When the Millers bought into the Partnership, it was agreed among all partners that it was in the best interests of the Partnership to let the Jackson property lay dormant for an extended and undetermined period prior to development. According to Gary Miller, however, throughout most of 2015 and 2016, Collin Miller and R. Joel McAlexander actively concealed a plan to make unauthorized purchases, assume bank notes on behalf of the Partnership, and engage in self-interested transactions. In response to these alleged activities, Gary Miller took steps in September 2016 to exercise a buy- sell provision included in the governing partnership agreement. This provision, which is of central dispute herein, reads in full as follows:

The partners agree that if one partner wishes to end the partnership and all the parties cannot agree to voluntarily dissolve the partnership as outlined above, then the partner wishing to terminate the partnership shall place a value on the partnership and offer to buy or sale [sic] his partnership interest (adjusted to reflect his percentage ownership in the partnership) to the remaining partners at the stated price. This offer must be in writing and shall state that the partner is willing to either sale [sic] his partnership interest or purchase the remaining partners interest at the same value (adjusted to reflect the percentage ownership in the partnership of the other partners). This offer must be tendered in writing to each partner and must be acted upon by the remaining partners within 15 days of the delivery of the buy-sale [sic] offer. The closing of the sale or purchase of the partnership interest shall be held within 30 days of the remaining partners notice of intent to sale [sic] to, or to buy, from the partner making the initial offer. In the event either party fails to honor the terms of this Buy-Sale [sic] Agreement, the other party shall have the right to seek specific performance of this provision and all applicable damages including but not limited to a reasonable attorney’s fee and all reasonable costs for enforcing this provision.
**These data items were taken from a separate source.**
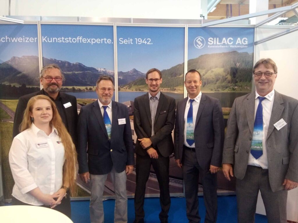 Büchler Reinli+Spitzli, CEO Andreas Scherrer (l.) mit Kunden und Lieferanten Das ThyssenKrupp Materials-Team war für die Kunden da. SKZ, Matthias Ruff, Leiter Vertrieb, und Sandra Leuckert, Projektmanagerin Das aufgestellte units-Team (v.l.): Remo Roth, Paul Ackermann, Roger und Angela Eggenberger, Christian Widmer, Andreas Heinzle IWK-Team (v.l.): Manuel Suarez, Luzia Rhyner, Corsin Stocker Jürg Weibel und Barry de Groot, Granula. Hansjoachim Meissner und Antonio Settegrana von Rinco Ultrasonics Auch ProByLas war vertreten, unter anderem mit Ulrich Gubler Robert Nechvatall, Tool-Temp Fabian Gadient, Resinex Switzerland AG Schweizer Gemeinschaftsstand (v.l.): Samantha Ward und Martin Rudolph von svismold, Jürg Steiner von Silac, Nicolas Tresch von A. & J. Stöckli sowie Peter Birchler und Peter Meier von Silac. Michael Steiner, Lilian Steiner und Valerie Steiner, SKS AG. Sandra Dierks, K.D. Feddersen und Stan Haftka, Bio-Fed Tanja Grimm, Fanuc Mark Hellweg, CEO der Hellweg Maschinenbau GmbH, präsentiert mit Stolz die Grossschneidmühle MDSi 600/300 mit der neuen digitalen Smart-Control-Steuerung. Für einen gut besuchten Stand sorgte u.a. smart Control, das Assistenzsystem von Ewikon zur Digitalisierung in der Spritzgiessfertigung. Michael Randel (l.) von ‘Die Sparschweine’ und Werner Bernard von E. Ramseier Werkzeugnormalien Maag Pump Systems AG, Iris Fischer, Marketing Manager Markus Scheuber, Head of Sales Plastic Welding, Telsonic AG gwk tritt neu unter dem Namen technotrans auf. Anstelle des orangefarbenen Markenzeichens sind die Geräte nun in blau und anthrazit gehalten. Ein aufgestelltes Team um Jan Meik Menke, Geschäftsführer der Color Technik AG, sorgte für einen coolen Genuss. Die Brüder Manuel und Martin Wipf von der Aareplast AG zeigten ihre Kompetenzen. ProTec Polymer Processing: Thomas Dubler, Dr. Brehm, vor dem stationären Somos Granulattrockner RDF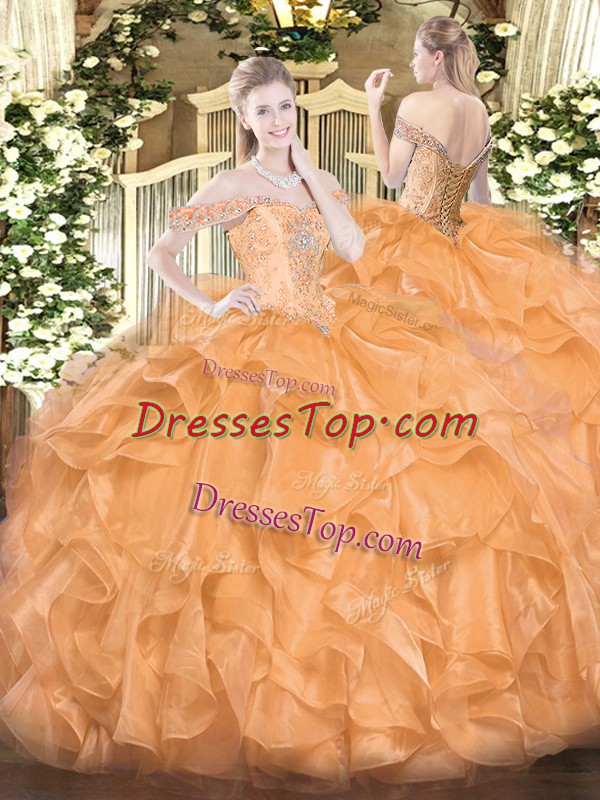 Orange Quinceanera Dresses Military Ball and Sweet 16 and Quinceanera with Beading and Ruffles Off The Shoulder Sleeveless Lace Up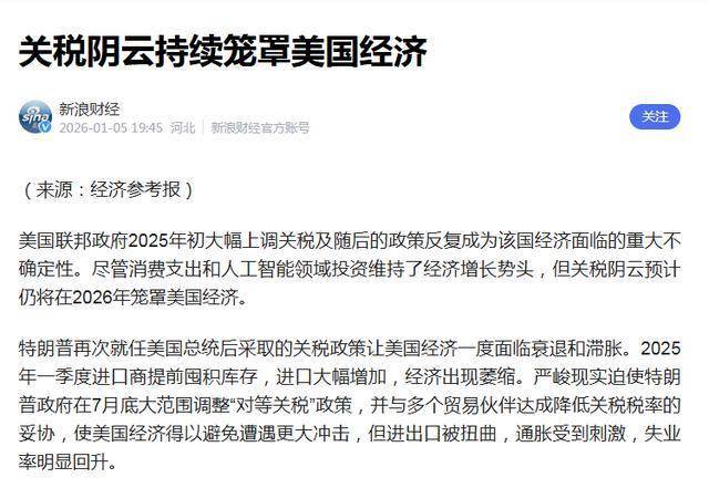 新浪财经2026-01-05关税阴云持续笼罩美国经济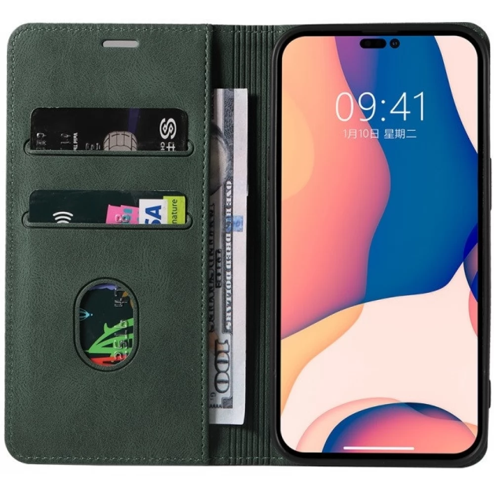 WOOZE Business Plus oldalra nyíló tok Oppo A74 4G / A95 4G / Reno6 Lite sötétzöld

-2- In his attempt to exercise his rights under the above provision, Gary Miller sent a letter to Collin Miller and R. Joel McAlexander on September 12, 2016, wherein Gary valued the Partnership at $500,000.00 and offered to purchase Collin Miller’s 25% interest for $125,000.00 or sell his own 25% interest in the Partnership for the same price. Notably, the offer did not state that Gary Miller was willing to purchase the interest of the remaining partners as was required under the buy-sell provision. Although an email requesting some clarification about the offer was thereafter sent to counsel for Gary Miller, no response was forthcoming.

On September 27, 2016, counsel for R. Joel McAlexander and Collin Miller sent a specific response to the September 12 offer. The response stated that R. Joel McAlexander and Collin Miller agreed with the $500,000.00 valuation Gary Miller had put on the Partnership and further stated that they would purchase Gary Miller’s 25% interest “following the equalization of the partners’ accounts.” The upshot of the response was that Gary Miller would be required to pay nearly $3,000.00 to sell his interest in the Partnership.
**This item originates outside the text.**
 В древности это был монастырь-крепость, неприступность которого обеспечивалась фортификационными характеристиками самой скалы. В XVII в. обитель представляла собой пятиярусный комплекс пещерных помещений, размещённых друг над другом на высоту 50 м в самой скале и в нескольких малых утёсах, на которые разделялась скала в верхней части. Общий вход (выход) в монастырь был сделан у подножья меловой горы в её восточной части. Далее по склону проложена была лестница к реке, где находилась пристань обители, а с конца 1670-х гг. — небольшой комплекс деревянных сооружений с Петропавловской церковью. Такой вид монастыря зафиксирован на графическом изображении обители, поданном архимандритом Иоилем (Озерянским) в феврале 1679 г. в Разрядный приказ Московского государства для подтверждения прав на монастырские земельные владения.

This suggested “equalization” soon became a heated point of contention. On October 4, 2016, counsel for Gary Miller sent a letter to counsel for R. Joel McAlexander and Collin Miller, arguing that the buy-sell provision did not provide for what was proposed in the September 27 response. According to counsel for Gary Miller, pursuant to the buy-sell provision, “the buying party simply buys another individual out of the agreement subject to whatever liabilities have attached to the partnership otherwise.” In a subsequent letter dated October 7, 2016, counsel for R. Joel McAlexander and Collin Miller informed counsel for Gary Miller that his clients would accept a purported offer from Gary to purchase their interests in the Partnership.

Shortly thereafter, on November 15, 2016, Gary Miller commenced the present litigation by filing a complaint in the Madison County Chancery Court. As is relevant to this appeal, Gary Miller averred that R. Joel McAlexander and Collin Miller had breached the buy-sell provision when they responded that they would purchase his share in the Partnership after his share was equalized. Gary Miller contended that the court should grant him specific performance and require Collin Miller and R. Joel McAlexander to purchase his 25% interest outright for $125,000.00 and pay for his reasonable attorney’s fees incurred in enforcing the buy-sell provision.
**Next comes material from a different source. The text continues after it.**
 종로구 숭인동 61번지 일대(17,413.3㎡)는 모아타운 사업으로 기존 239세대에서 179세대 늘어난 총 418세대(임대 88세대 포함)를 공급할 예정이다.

In addition to raising this issue, Gary Miller’s complaint asserted a number of other claims, such as a count for breach of duty of loyalty, and alleged that Collin Miller and R. Joel McAlexander had engaged in a number of self-interested transactions by having services rendered to the Partnership through their own businesses, Miller Contractors, Inc., McAlexander Construction, LLC, and McAlexander Engineering, LLC.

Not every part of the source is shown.